European Commission Merger Guidelines: Sullivan & Cromwell
The European Commission has published the most comprehensive overhaul of EU merger control guidance in over two decades, introducing a new “theory of benefit” framework that gives merging parties a broader set of arguments for defending transactions while making clear that the burden of proof sits firmly with those seeking to use them.
The draft revised Merger Guidelines, published on 30 April 2026 and open for public consultation until 26 June 2026, consolidate the Commission’s 2004 Horizontal and 2008 Non-Horizontal Merger Guidelines into a single framework for the first time, reflecting two decades of case law, decisional practice and a pronounced shift in EU economic policy priorities.
The centrepiece of the new framework is the “theory of benefit” — a structured mechanism allowing merging parties to demonstrate that a merger’s efficiencies outweigh its anticompetitive effects. For the first time in official Commission guidance, those efficiencies can include non-economic policy objectives: sustainability, net-zero commitments, supply chain resilience and the global competitiveness of European industry.
The Guidelines explicitly address the political fallout from the Commission’s 2019 block of Siemens/Alstom, a decision that drew fierce criticism for preventing the creation of a European rail champion despite strong public interest arguments. The new framework, shaped in part by the EU Competitiveness Compass, creates a pathway for scale-building mergers of that kind, provided parties can substantiate a credible case from the outset.
Sullivan & Cromwell, Latham & Watkins, Skadden Arps, White & Case, Norton Rose Fulbright, Bird & Bird and Pinsent Masons have each published analysis of the draft framework, collectively identifying three recurring themes: the new “theory of benefit” creates wider room for efficiency arguments than the Commission has previously accepted; the innovation shield introduces meaningful protection for acquisitions of early-stage targets in non-overlapping R&D spaces, subject to defined thresholds; and the de-emphasis of static market share metrics in favour of dynamic competitive indicators will require parties to develop richer evidence packages than current practice typically demands.
The Commission has signalled it intends the new concepts to be applied in live cases before finalisation, meaning the period before the 26 June consultation close is the practical window for practitioners and their clients to influence the final text.

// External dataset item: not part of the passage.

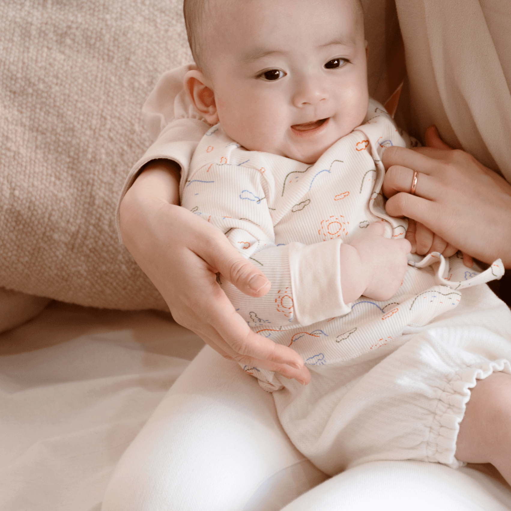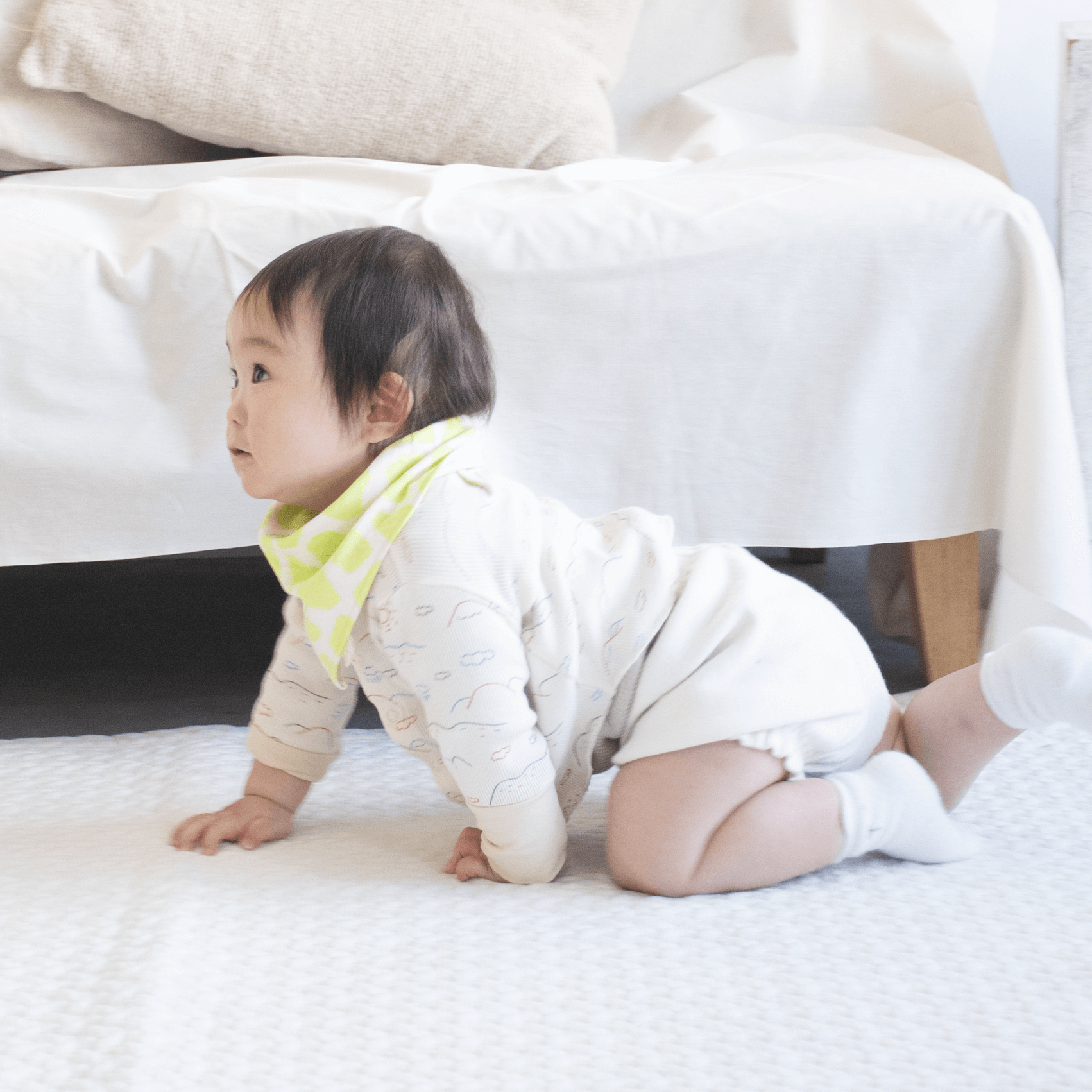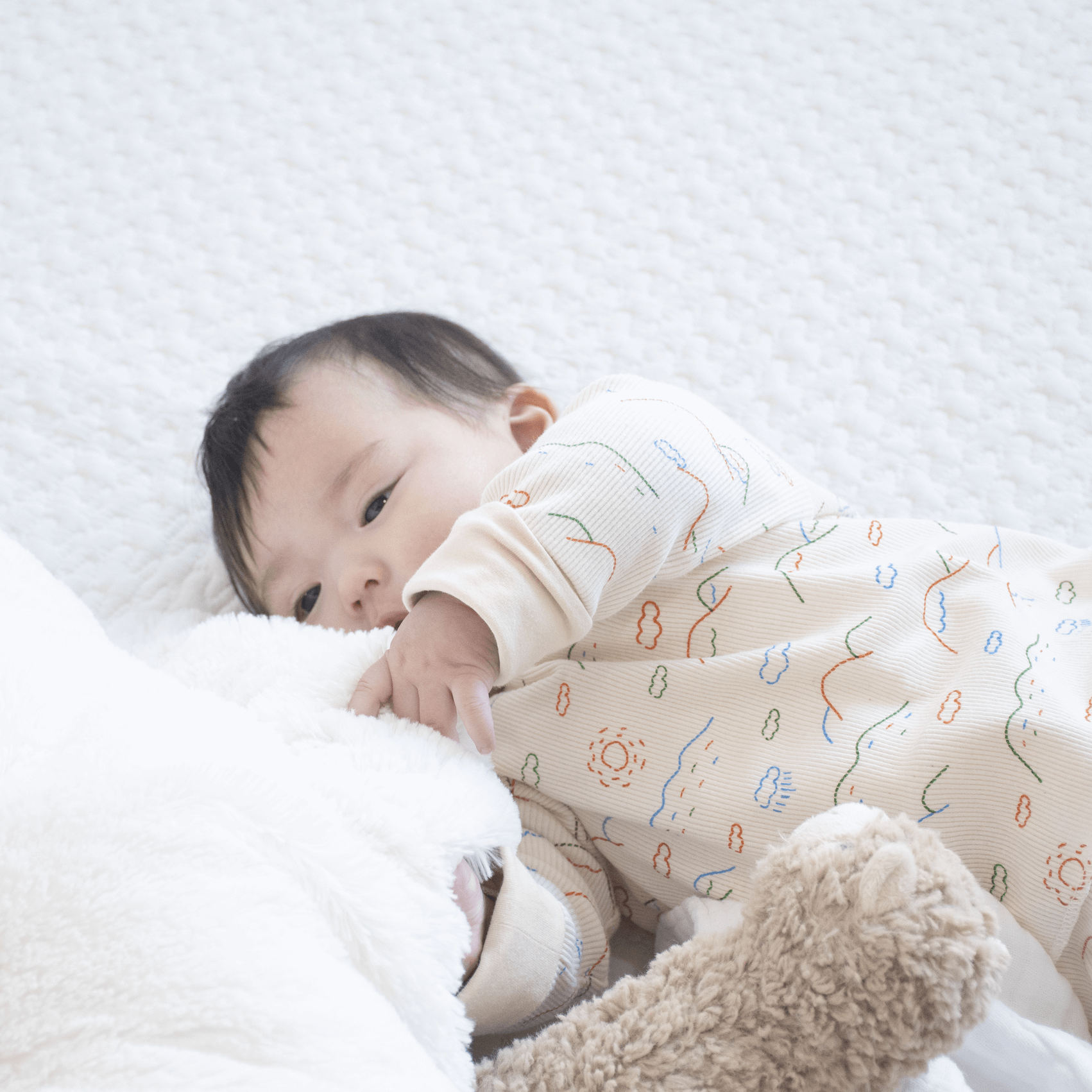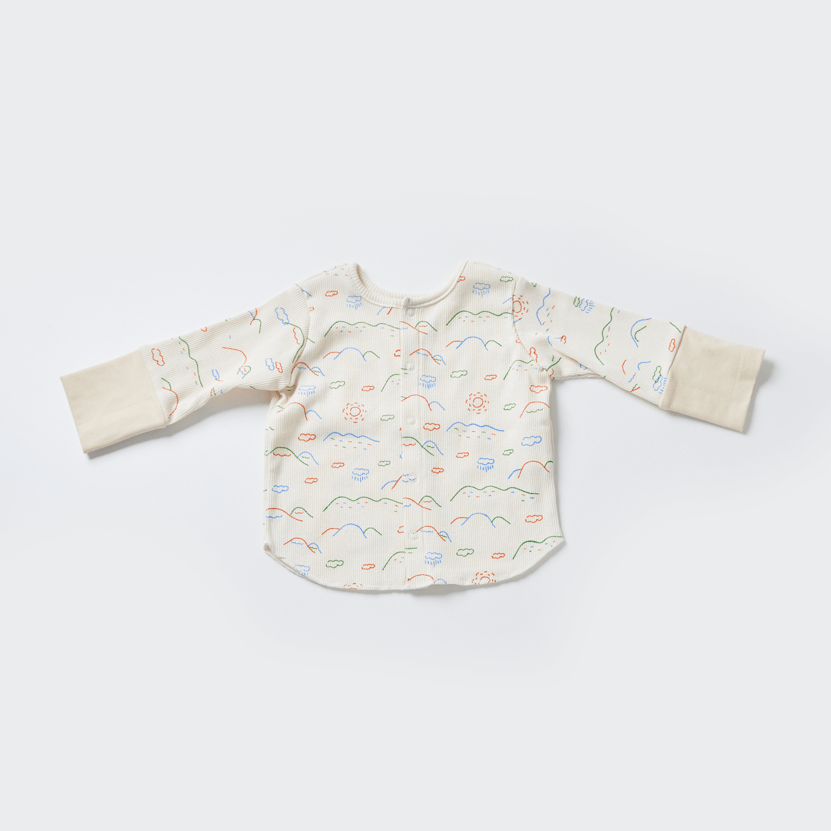 袖口を少し長めにとったデザインは赤ちゃんの成長に合わせ折り返して調整でき、0~1歳頃まで長くご着用いただけます。

EU Competition Commissioner Teresa Ribera drew a clear line in April 2026: the Guidelines are no blank cheque. The EU Merger Regulation and its underlying legislation remain unchanged, and the Commission retains full discretion to probe theories of harm, demand quantification of alleged benefits and reject arguments grounded in wishful thinking rather than evidence. DMA-designated gatekeepers and acquirers holding the largest position in a relevant market are also explicitly excluded from the innovation shield, narrowing its application for the most significant players.
M&A solicitors, competition barristers and in-house counsel at deal-active organisations face an immediate practical shift. The new framework rewards early preparation. Merging parties that build a theory of benefit grounded in internal documents, independent expert analysis and clear evidential links between the transaction and claimed policy gains before opening Commission engagement will be better positioned than those raising efficiency arguments as a reactive response to concerns.
The Commission has signalled it wants to see the new concepts tested in practice before the Guidelines are finalised in Q4 2026. Practitioners who move now to advise clients on the evidential requirements of the new framework will hold a material advantage over those who wait for the final text.